The data:

────

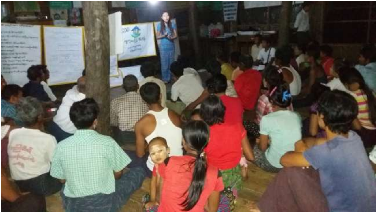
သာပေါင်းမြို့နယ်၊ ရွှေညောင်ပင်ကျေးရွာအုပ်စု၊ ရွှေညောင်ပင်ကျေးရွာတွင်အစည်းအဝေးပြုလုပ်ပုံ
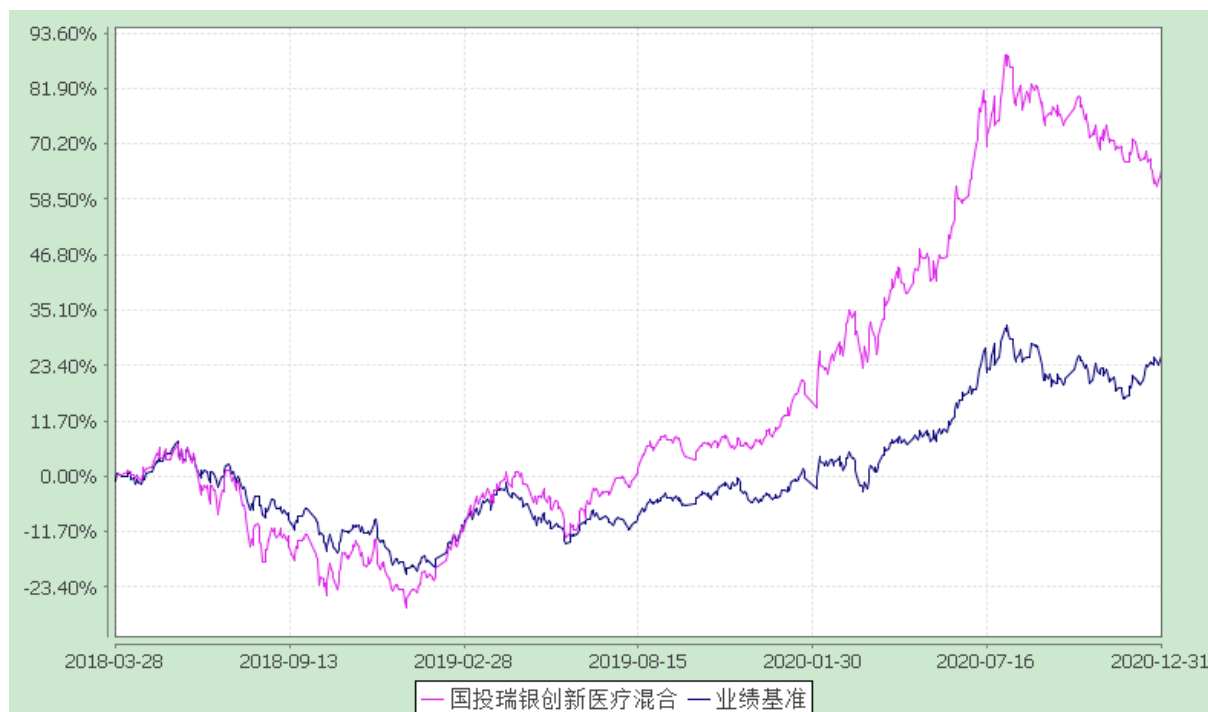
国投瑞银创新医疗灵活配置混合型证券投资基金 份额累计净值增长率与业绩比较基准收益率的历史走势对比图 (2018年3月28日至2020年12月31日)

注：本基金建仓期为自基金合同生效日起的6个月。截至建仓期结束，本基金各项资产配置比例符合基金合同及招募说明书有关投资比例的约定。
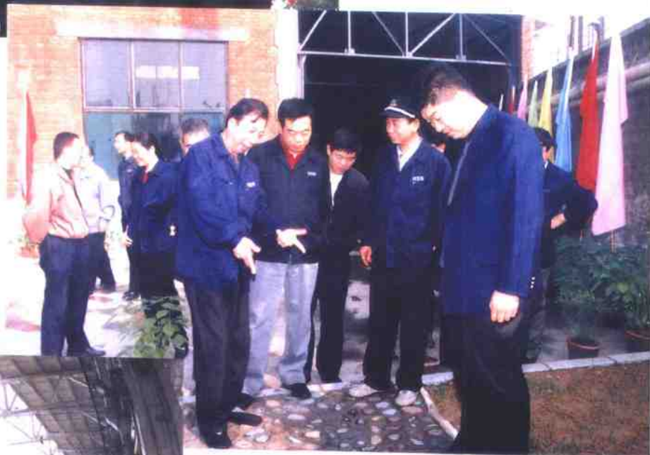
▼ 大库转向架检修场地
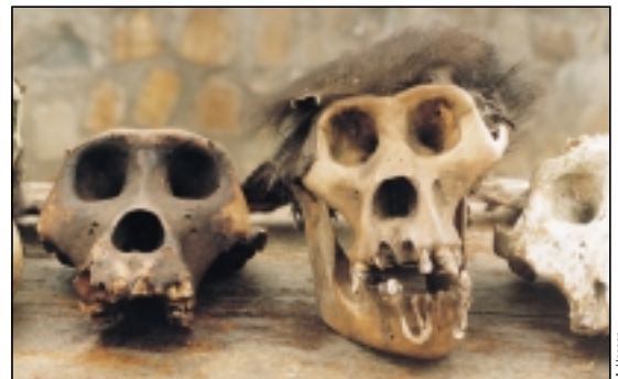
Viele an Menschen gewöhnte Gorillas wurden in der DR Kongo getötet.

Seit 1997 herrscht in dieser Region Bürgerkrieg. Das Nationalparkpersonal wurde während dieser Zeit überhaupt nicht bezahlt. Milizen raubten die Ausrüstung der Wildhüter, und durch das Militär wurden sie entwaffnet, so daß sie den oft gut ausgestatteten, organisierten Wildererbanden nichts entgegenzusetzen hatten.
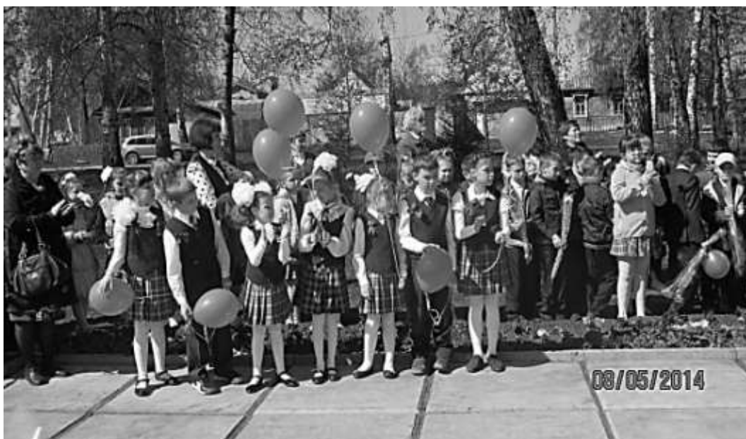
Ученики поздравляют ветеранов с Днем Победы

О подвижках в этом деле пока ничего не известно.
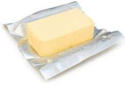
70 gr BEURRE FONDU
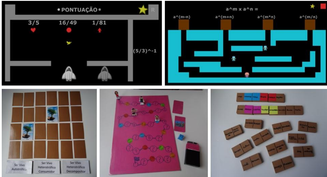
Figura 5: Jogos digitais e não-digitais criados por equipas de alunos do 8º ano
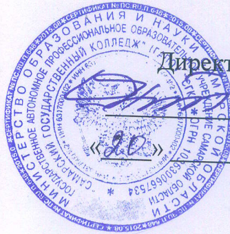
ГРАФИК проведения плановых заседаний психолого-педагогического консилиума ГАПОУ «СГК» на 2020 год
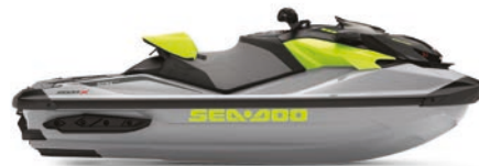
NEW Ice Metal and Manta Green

────

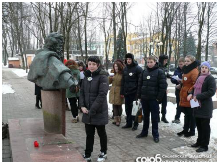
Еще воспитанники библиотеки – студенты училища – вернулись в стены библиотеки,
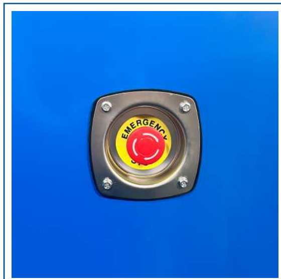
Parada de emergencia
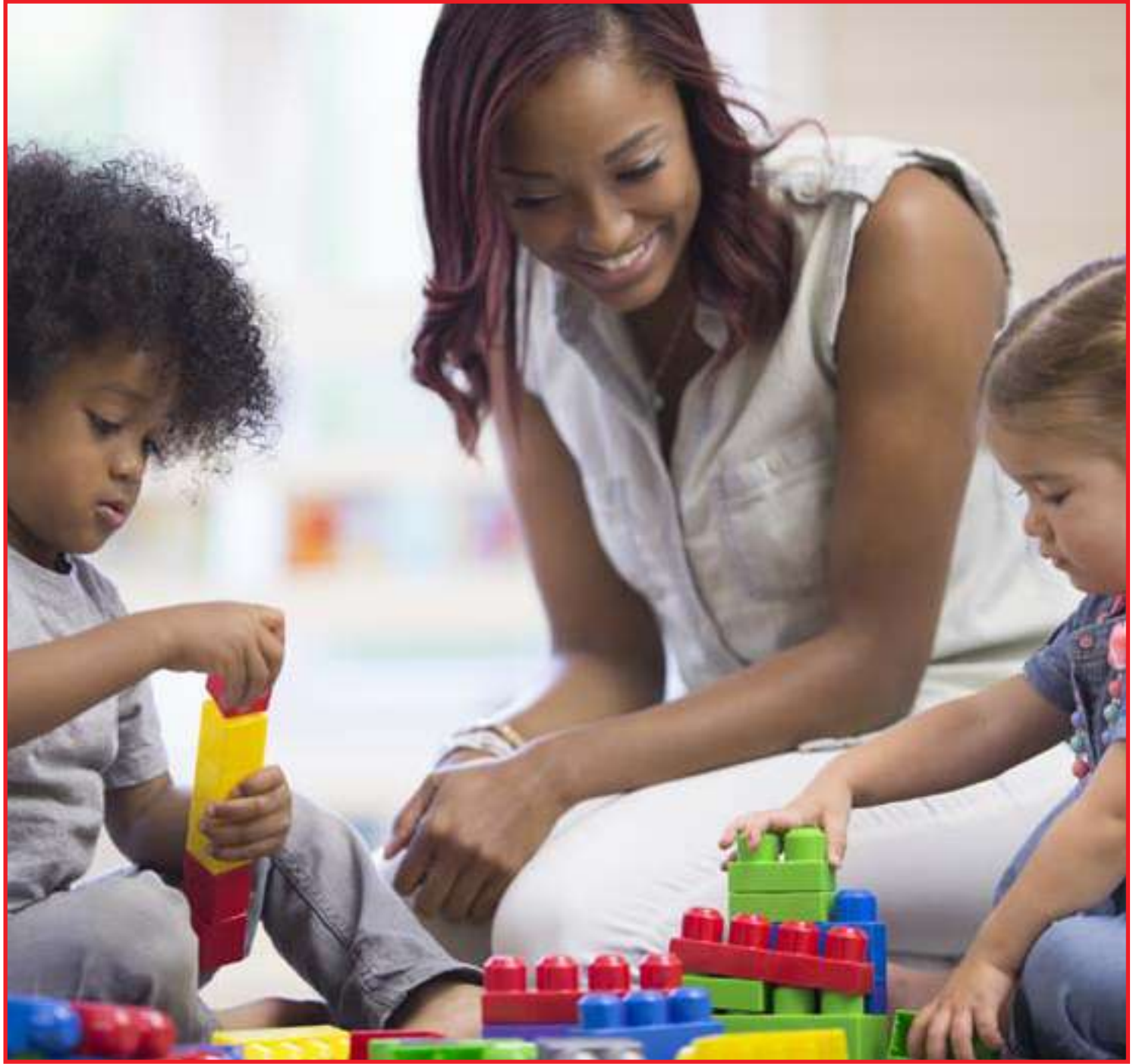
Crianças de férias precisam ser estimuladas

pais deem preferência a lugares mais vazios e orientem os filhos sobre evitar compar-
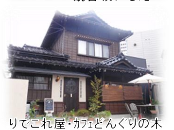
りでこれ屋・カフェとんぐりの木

────

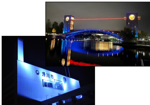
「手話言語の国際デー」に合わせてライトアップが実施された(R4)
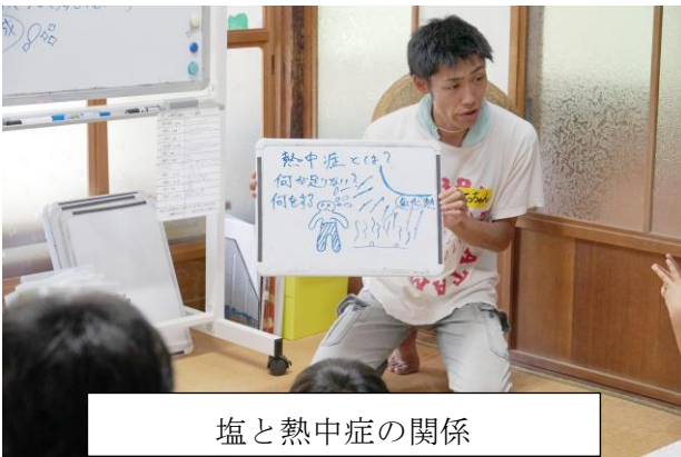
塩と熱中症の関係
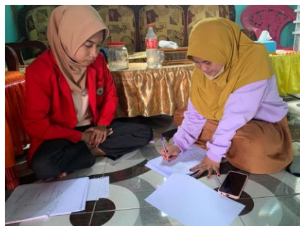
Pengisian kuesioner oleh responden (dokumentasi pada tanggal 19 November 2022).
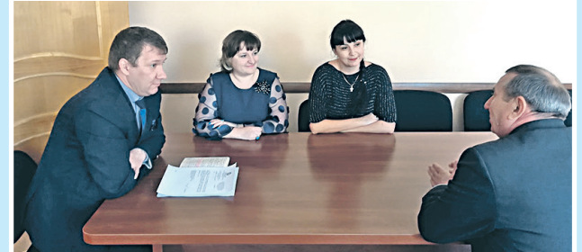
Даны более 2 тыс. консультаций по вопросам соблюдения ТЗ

────

Work instructions: Give the number of lines that contain "wurden" in the material above, with no other text.

Finished exercise: 2